Our moon camp will provide the astronauts with food by installing greenhouses where crops can grow. The problem with these greenhouses is that an atmosphere must be created inside the greenhouse for the plants to grow. Systems that regulate these values in the greenhouse require a lot of energy. Our most efficient solution for this is to introduce transparent solar panels. These are placed on the glass of the roof of the greenhouse so that they face the sky at the right angle for optimal sunlight. These transparent panels still allow the sunlight to pass through for the plants, but at the same time convert it into energy with which the systems in the greenhouse can allow the plants to grow optimally. The greenhouses will be placed on the top of the capsules sticking out of the ground

Our moon camp will provide the astronauts with power by using solar panels and transparent solar panels. The ”normal” solar panel will be placed on top of the robot storage and the transparent solar panels on top of the greenhouses. As with all solar panels on the moon, there is the problem of moondust that can potentially cover the solar panels and reduce the supply of light and energy. Our solution for this is the use of a cleaning system where a brush is gently moved over the panels, with a little bit of water, by means of a rail system. We also need to ensure that the plants do not receive too much sunlight. For this, sunscreens must be placed on the inside of the glass to ensure that the plants do not die from the much sunlight. The screens can be raised or lowered as required while the solar panels on the outside of the glass continue to supply energy.

Our moon camp will provide the astronauts with air by using ilmenite, because we can use the mineral to extract oxygen in a simple manner. The oxygen can be used for the astronauts and is of course one of the necessities of life when it comes to life on the moon. In addition, we can use spirulina. Spirulina is an alga that produces oxygen and is very healthy to eat. Finally, we will use the ISS’ oxygen recycling system to reduce our oxygen needs. The Environmental Control and Life Support System (ECLSS) is a system of regenerative life support hardware that provides clean air and water for the ISS crew and lab animals by artificial means. The creation of the ECLSS will allow astronauts to stay in space longer. That causes a significant drop in the price of working in a space station. The ECLSS consists of 2 main parts, the water recovery system (WRS) and the oxygen generation system (OGS).

2.5 Explain what would be the main purpose of your Moon Camp.

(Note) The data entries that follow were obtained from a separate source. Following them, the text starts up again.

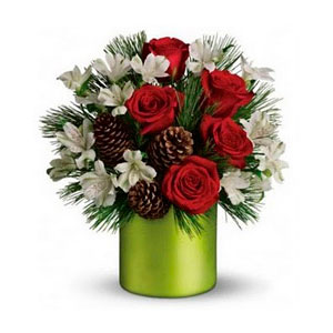 Christmas bouquet. The floral arrangement mixes white alstroemeria with red roses and pine is presented in an green cylinder vase.
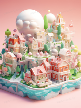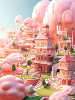 当前位置: 图精灵 > 背景图库 > 插画 > 3D立体粉色卡通城堡玩具模型插画
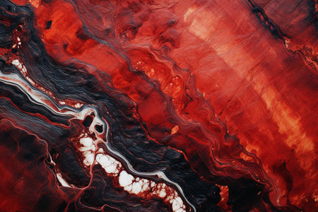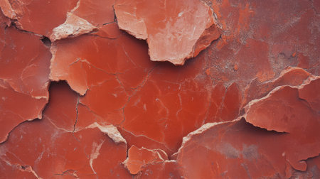 Fragmented Rosso Levanto marble with dominant red tones and exposed cracks lying on a red surface. A high-detail decorative texture ideal for design backgrounds.
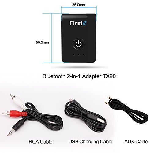 WHAT YOU GET: FirstE 45-day money back guarantee & 18-month warranty with professional customer service,1 x FirstE tx90 Bluetooth 4.1 Receiver and Transmitter,1 x Micro USB Charging Cable,1 x 3.5mm Audio Cable, 1 x RCA Cable,1 x User Manual.
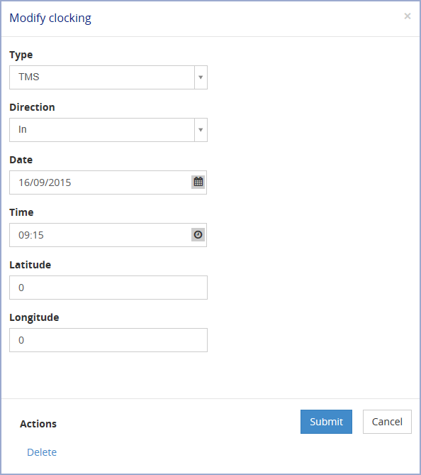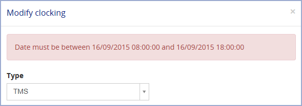 Note: if you attempt to change the Date or Time of a clocking where the changes would fall outside the start and end times recorded for the Shift in TMS, a warning is displayed when you click Submit . For example:To apply the changes, click Submit in the left-hand navigation pane or click Cancel to discard the modification and return to your Clock card.
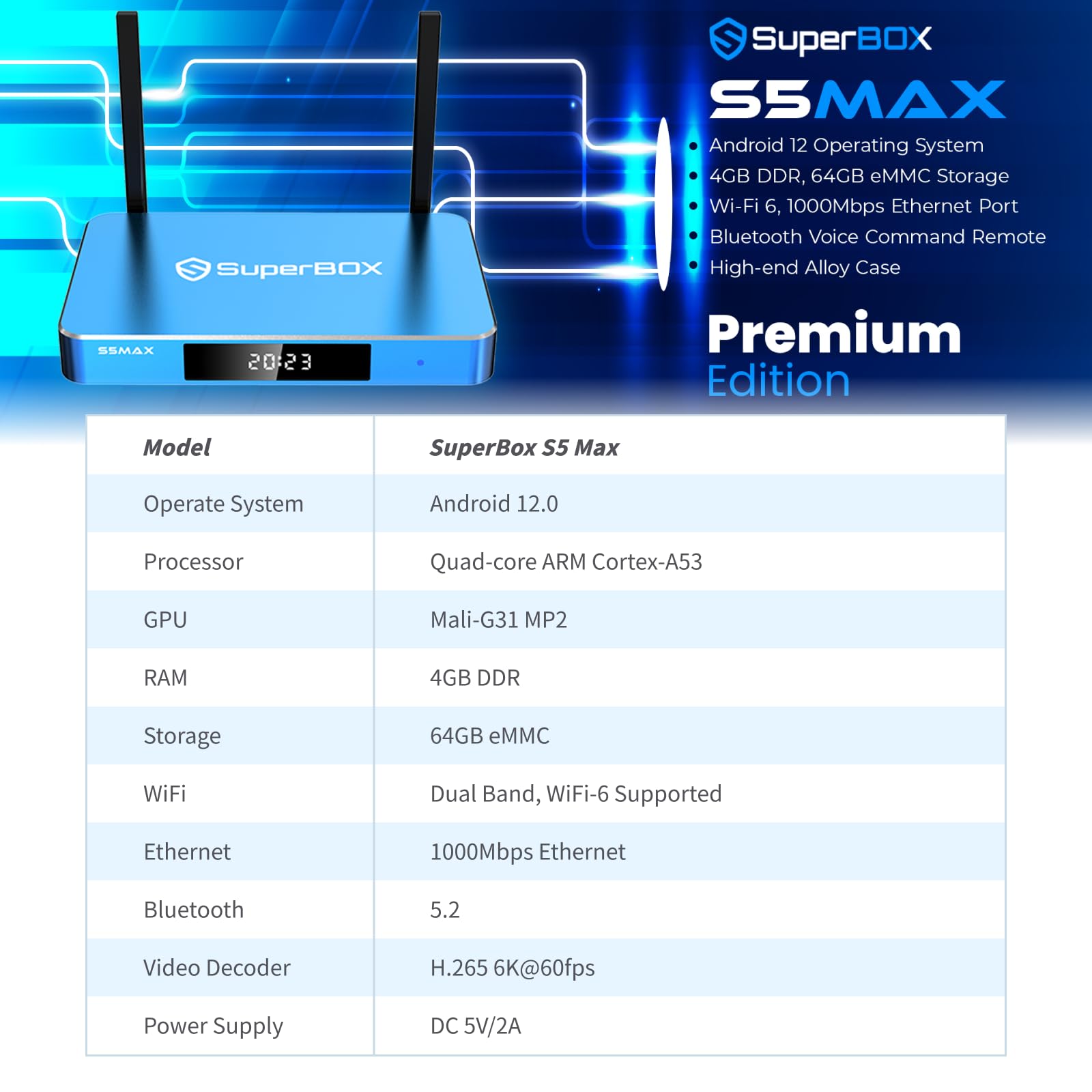 - In comparison to the S4 Pro, the SuperBox S5 Max features Android 12, 4GB RAM, 64GB storage, a 1000Mbps ethernet connector, and WiFi 6. As well as an improved voice control system.
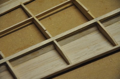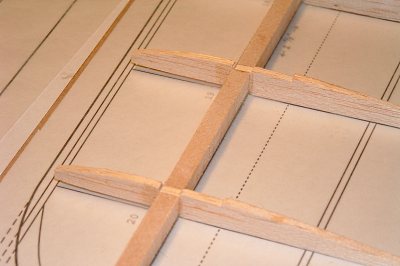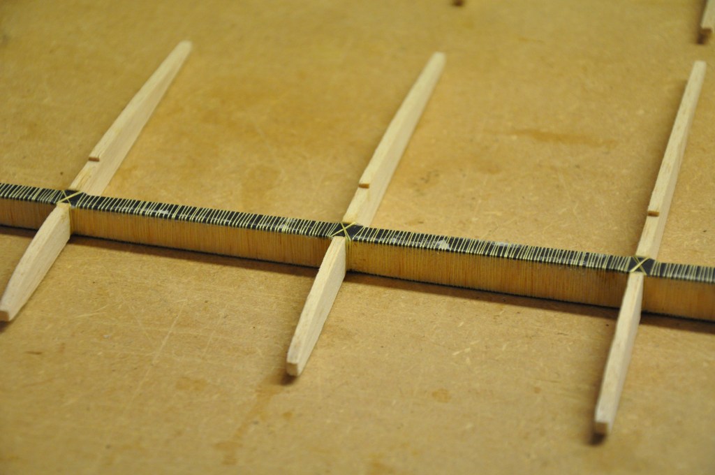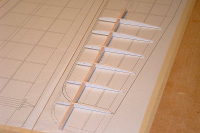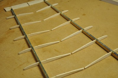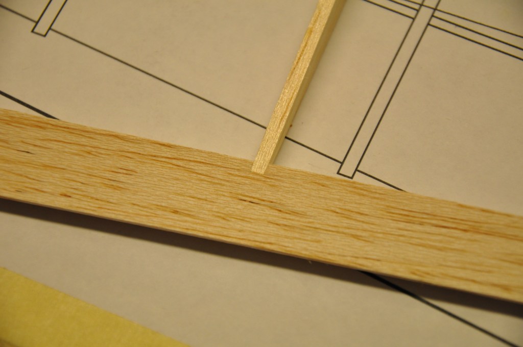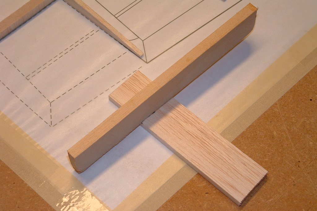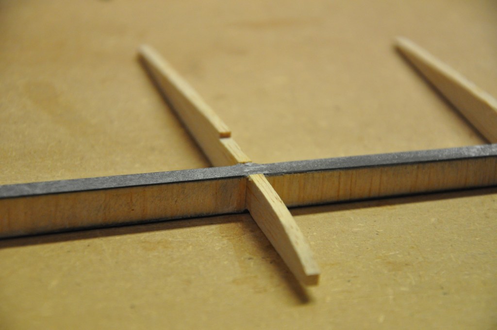Note: you'll notice that the triangle stock is thicker than the plans call for. None of my local hobby stores carried the right size - and I didn't feel like making my own...
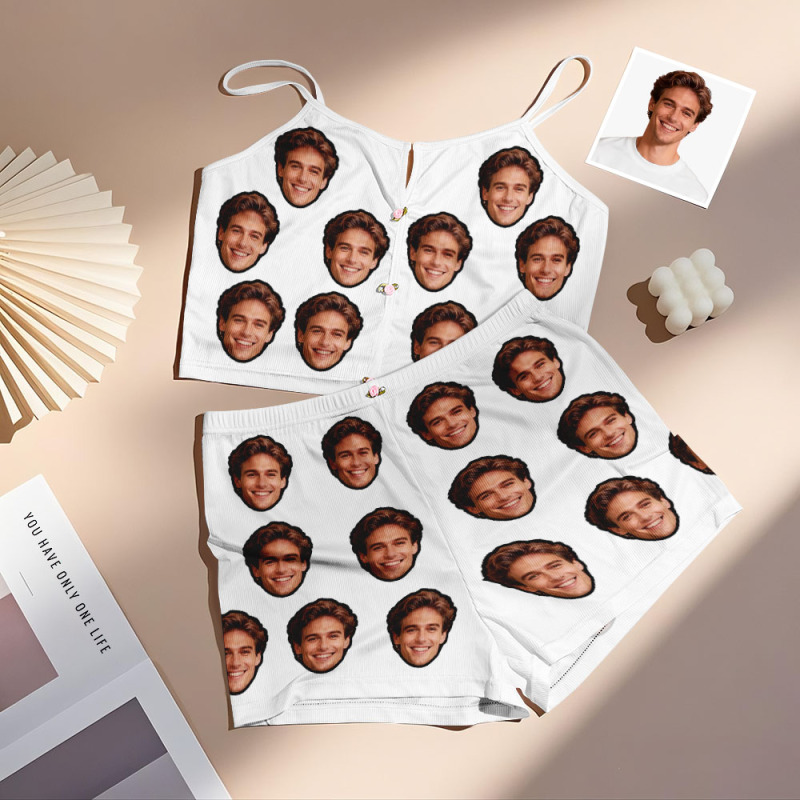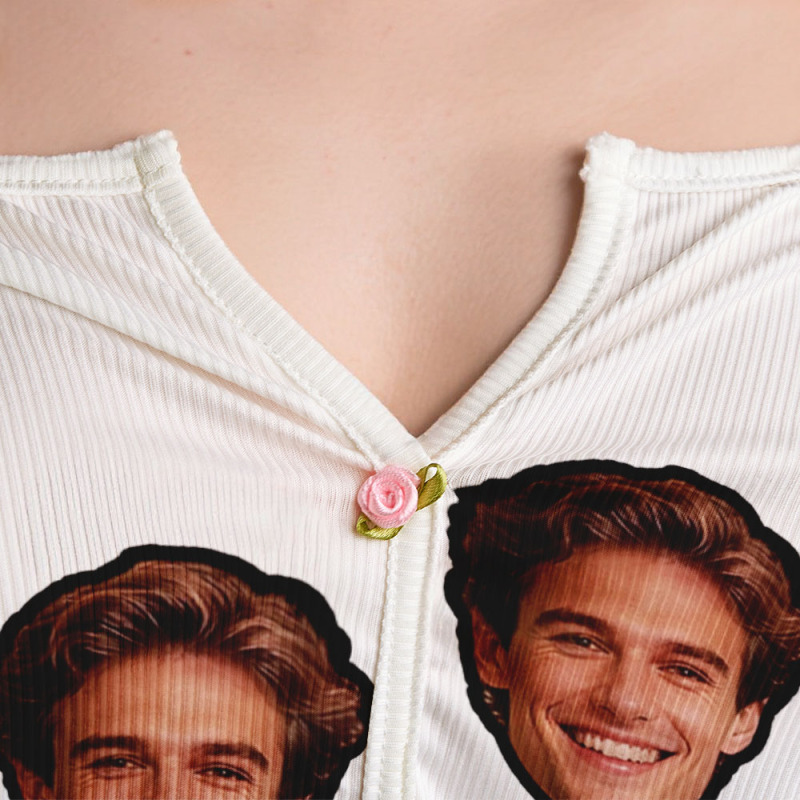 Valentine's Gifts Custom Photo Appliques Notched Neckline Lingerie Set
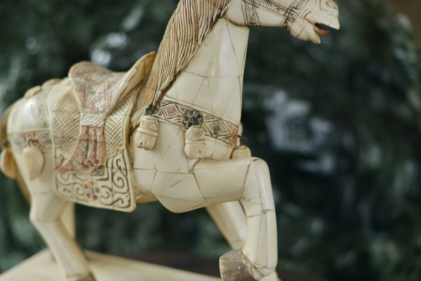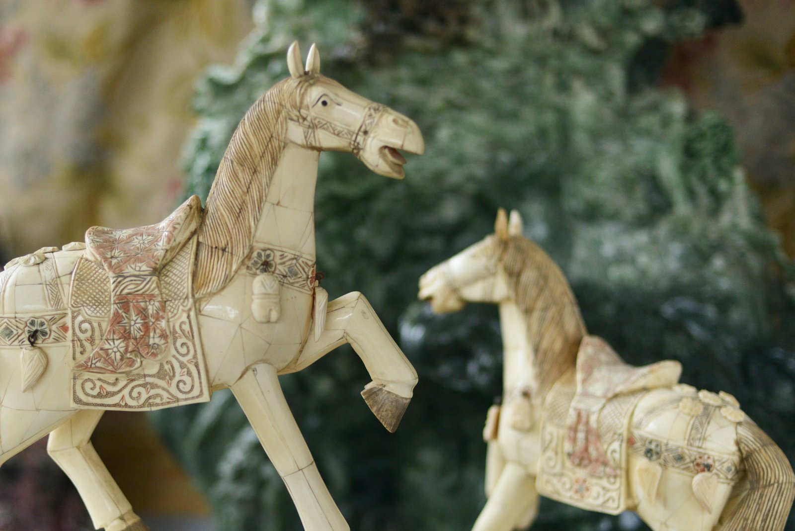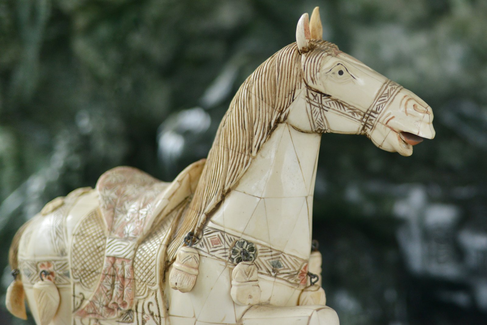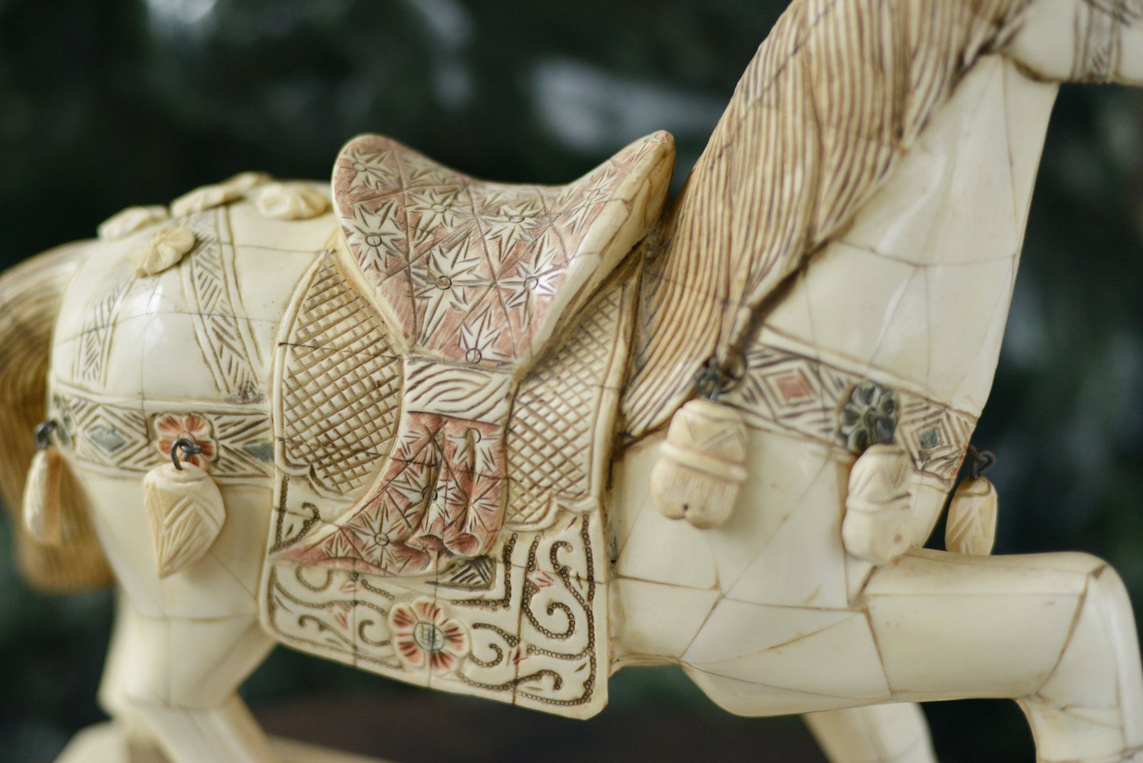 saisis dans un mouvement suspendu, semblent avancer d’un pas alerte, conférant à l’ensemble une présence dynamique et solennelle à la fois. Chaque cheval est richement caparaçonné : tapis de selle ornés de motifs géométriques et floraux, harnais finement détaillés agrémentés de petits pendentifs, travail délicat de la crinière et de la queue. L’attention portée aux détails révèle un remarquable savoir-faire, où la précision du geste sert l’élégance de la forme. La composition séduit par la minutie de son exécution : assemblage en facettes, gravures fines et jeux de contrastes subtils entre les tonalités ivoire et les décors polychromes. Les socles, élégamment bordés, accentuent le caractère muséal de ces pièces et renforcent leur statut d’objets de collection. Évocation de puissance, de mouvement et de prospérité, ce duo constitue également un clin d’œil symbolique à l’année du Cheval, célébrée à partir du 17 février 2026.
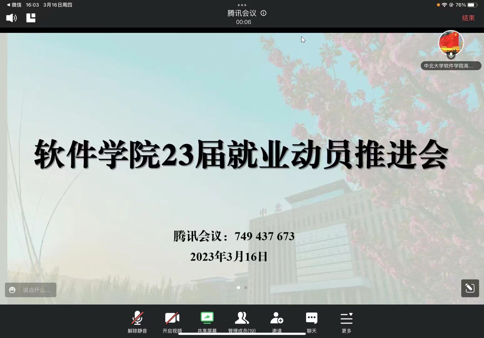 在腾讯会议召开了2023届毕业生线上春季就业工作推进会,学院党委副书记兼副院长高宏图、9家实训企业就业负责人、就业辅导员乞国钰参加了会议。
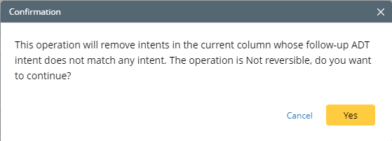 Certain ADT intent columns primarily act as wrapper intents designed solely for invoking follow-up ADT intents. To minimize the presence of irrelevant wrapper intent data for users, the "Remove Empty Wrapper Intent" feature has been added. This function eliminates the wrapper intent from the ADT column when it does not correspond to any follow-up ADT intent. It is important to note that the cloned intent itself is not deleted; only the binding relationship from the ADT is cleared. If needed, users can also manually remove the wrapper intent.

The main purpose of our Moon Camp will be for scientific research. We can then examine the moon soil and the water ice at the bottom of the crater. In addition, we can investigate the Peary crater. The astronauts can investigate the waterice that you can find inside the craters, and they can investigate the craters themselves for products or the environment. There is also a laboratory to investigate even further. In the beginning we will only focus on scientific research, but if more people eventually settle on the moon base, we can also make a stopover for Mars. Here the rockets can then be refuelled so that means they can take less fuel with them for the trip to Mars.

3.1 Describe a day on the Moon for your Moon Camp astronaut crew.

All astronauts have the same routine on a day, just at different times. This means that someone is always awake in the event of an emergency. When an astronaut wakes up after 8 hours of sleep, he will first perform morning hygiene, after that they will take vegetable from the greenhouse and prepare the food and eat it in the lounge/ kitchen. When finished he/ she will check the capsules for Thereafter they will start with the scientific research. In the middle of the day, they will have a break from scientific research for an hour and will go to the lounge/ kitchen to eat lunch and when done train. At 4 pm they will have contact with earth in the lounge/ kitchen and will talk about the discoveries they made and how everybody is doing. Everyone starts at different times so some astronauts will start the day with contacting earth and others will end the day with contacting earth. After that they will have free time and at the end of the day an astronaut will perform hygiene and go to his bed.